● TASK STATEMENT
Retype exactly the span of lines below from the one with "Extiende la crema" through the one with "Pát/Ngàm in 3D". Do not include pictures.

● EXTRACTED DATA
┌──
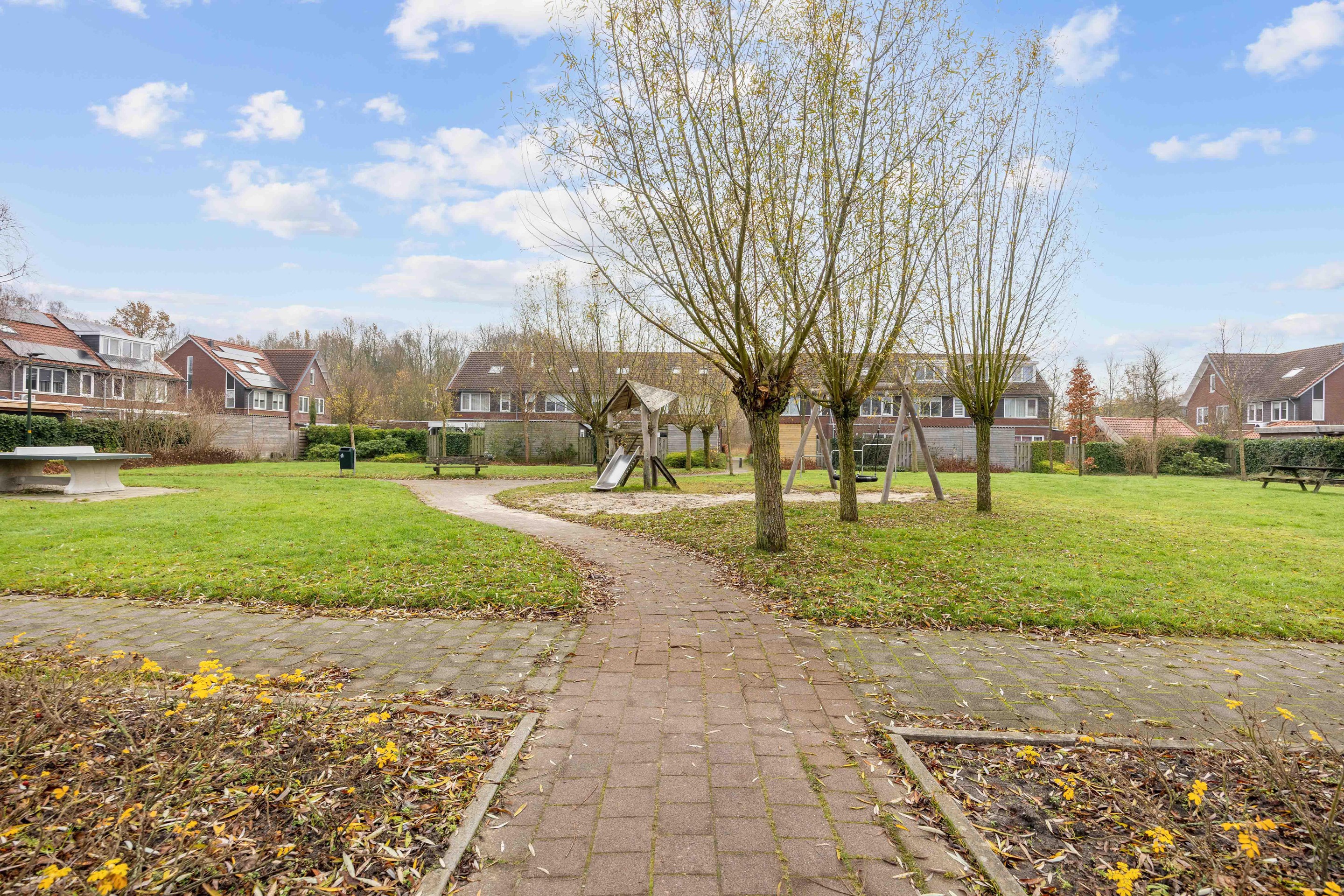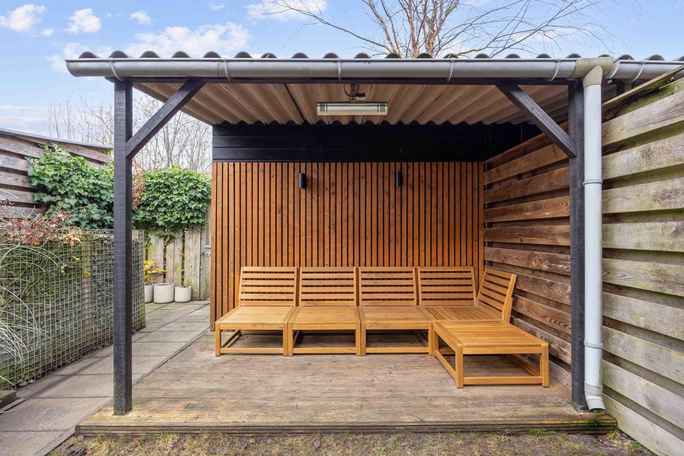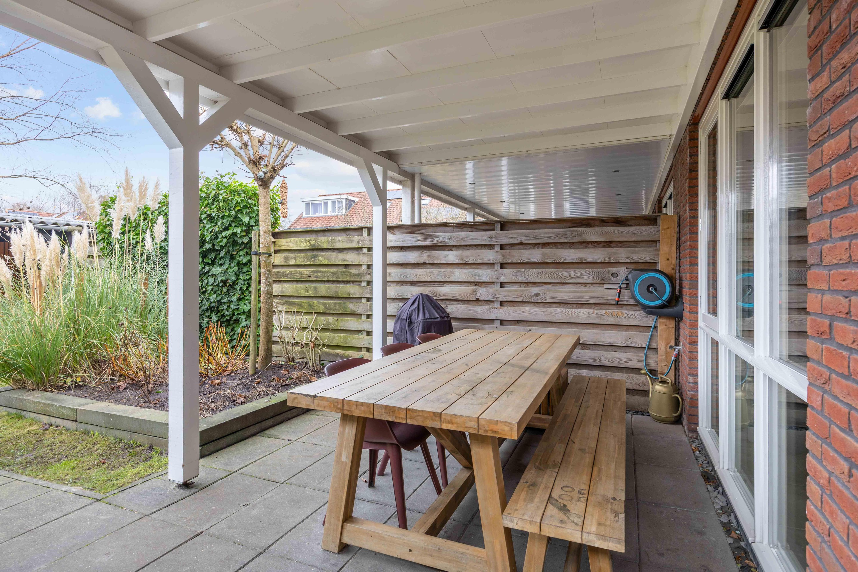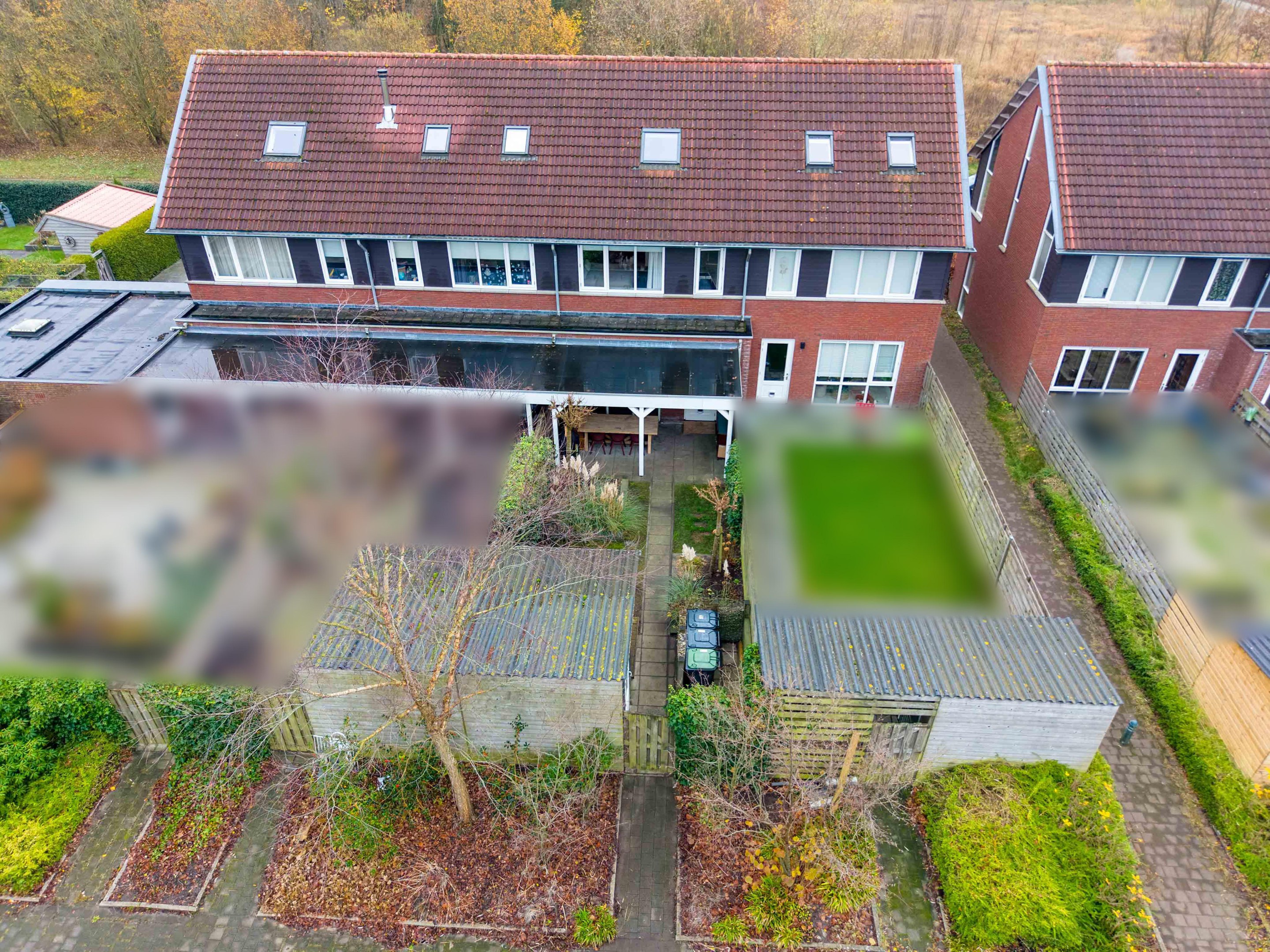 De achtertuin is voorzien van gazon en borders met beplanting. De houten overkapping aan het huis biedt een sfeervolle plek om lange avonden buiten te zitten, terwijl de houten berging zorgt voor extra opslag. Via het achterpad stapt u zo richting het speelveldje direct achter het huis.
└──
┌──
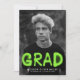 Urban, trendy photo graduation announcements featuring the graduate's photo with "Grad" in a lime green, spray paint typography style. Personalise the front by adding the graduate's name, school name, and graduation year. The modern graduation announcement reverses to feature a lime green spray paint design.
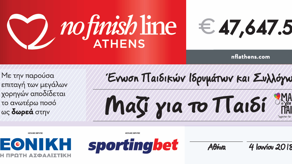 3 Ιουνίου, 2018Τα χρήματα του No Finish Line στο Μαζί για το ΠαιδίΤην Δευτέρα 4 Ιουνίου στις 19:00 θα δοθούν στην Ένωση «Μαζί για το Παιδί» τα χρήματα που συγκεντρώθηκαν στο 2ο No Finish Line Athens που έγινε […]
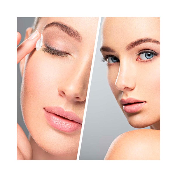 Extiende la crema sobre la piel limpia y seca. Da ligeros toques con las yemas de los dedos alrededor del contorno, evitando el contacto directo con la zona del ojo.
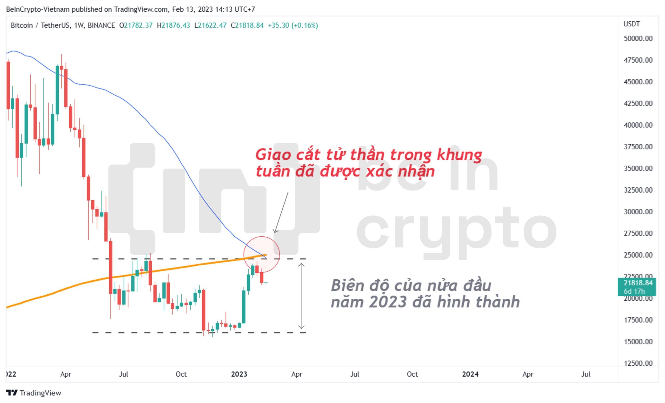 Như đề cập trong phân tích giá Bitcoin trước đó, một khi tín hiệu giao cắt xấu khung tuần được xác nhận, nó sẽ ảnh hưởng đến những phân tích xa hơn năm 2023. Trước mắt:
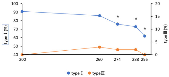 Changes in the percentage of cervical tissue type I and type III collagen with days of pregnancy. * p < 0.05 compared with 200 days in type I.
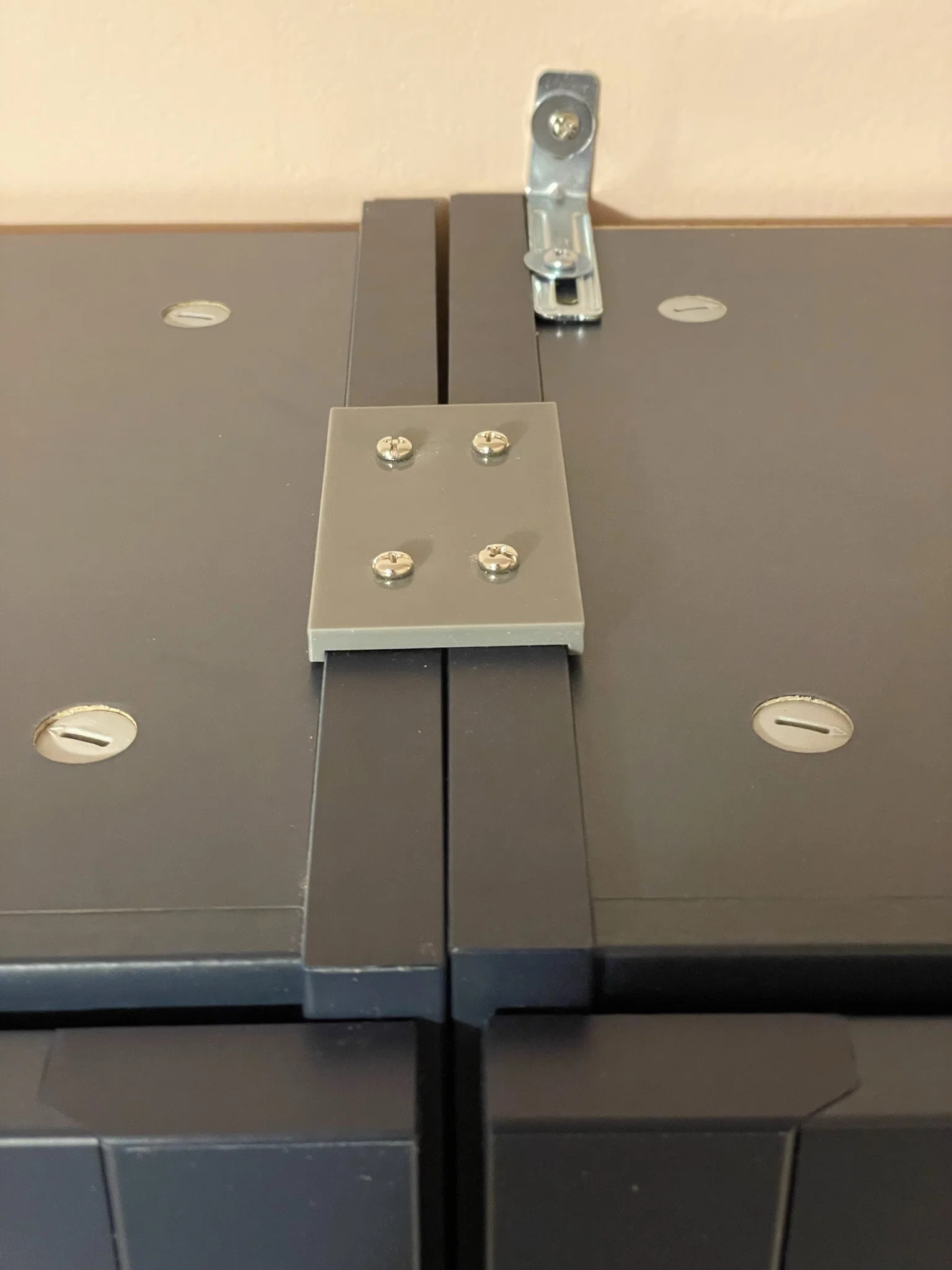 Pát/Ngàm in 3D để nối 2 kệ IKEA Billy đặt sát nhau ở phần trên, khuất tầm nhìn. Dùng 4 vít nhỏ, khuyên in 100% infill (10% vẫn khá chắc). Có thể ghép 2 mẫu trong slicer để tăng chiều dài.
└──
● TASK RESULT
 Extiende la crema sobre la piel limpia y seca. Da ligeros toques con las yemas de los dedos alrededor del contorno, evitando el contacto directo con la zona del ojo.
 Như đề cập trong phân tích giá Bitcoin trước đó, một khi tín hiệu giao cắt xấu khung tuần được xác nhận, nó sẽ ảnh hưởng đến những phân tích xa hơn năm 2023. Trước mắt:
 Changes in the percentage of cervical tissue type I and type III collagen with days of pregnancy. * p < 0.05 compared with 200 days in type I.
 Pát/Ngàm in 3D để nối 2 kệ IKEA Billy đặt sát nhau ở phần trên, khuất tầm nhìn. Dùng 4 vít nhỏ, khuyên in 100% infill (10% vẫn khá chắc). Có thể ghép 2 mẫu trong slicer để tăng chiều dài.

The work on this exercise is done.